Saturday, January 28, 2012

Mom's Macaroni and Cheese

1 Tbsp. unsalted butter
1 cup fresh French bread crumbs (tear bread into chunks & grind in food processor)
2-3/4 cup milk
1/4 cup all-purpose flour
1 tsp. salt
1/4 tsp. freshly grated nutmeg
2-1/4 cup (9 oz.) grated cheddar cheese
1 cup (4 oz.) grated Gruyere cheese
1/2 lb. elbow macaroni or penne pasta

Heat oven to 350.  Grease 9x13 baking pan with 1 Tbsp. butter.  Melt 2 Tbsp. butter in small skillet over low heat.  Add bread crumbs and saute, stirring constantly, until moistened but not browned set aside. Heat milk in pan over medium heat.  In large saucepan, melt remaining 4 Tbsp. butter over medium heat. Whisk in flour and cook, whisking constantly, 1 minute.  Continue whisking and slowly pour in hot milk. Cook, still whisking until mixture is bubbly and thick.

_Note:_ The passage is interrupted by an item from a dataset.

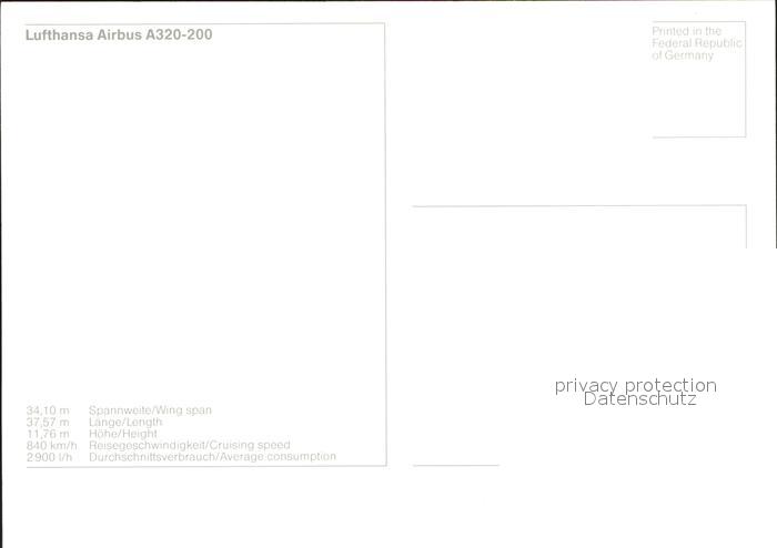 Lufthansa Airbus A320-200 postalisch nicht gelaufen Erhaltung siehe scans

Remove pan from heat and stir in salt and nutmeg, 1 cup cheddar cheese and 3/4 cup Gruyere. Bring a large pot of salted water to boil. Under cook macaroni, drain and rinse with cold water and drain well. Stir macaroni into the cheese sauce.  Pour mixture into prepared dish.  Sprinkle remaining cheeses and bread crumbs over the top.  Bake until browned on top, about 30 min.  Makes 6-8 servings.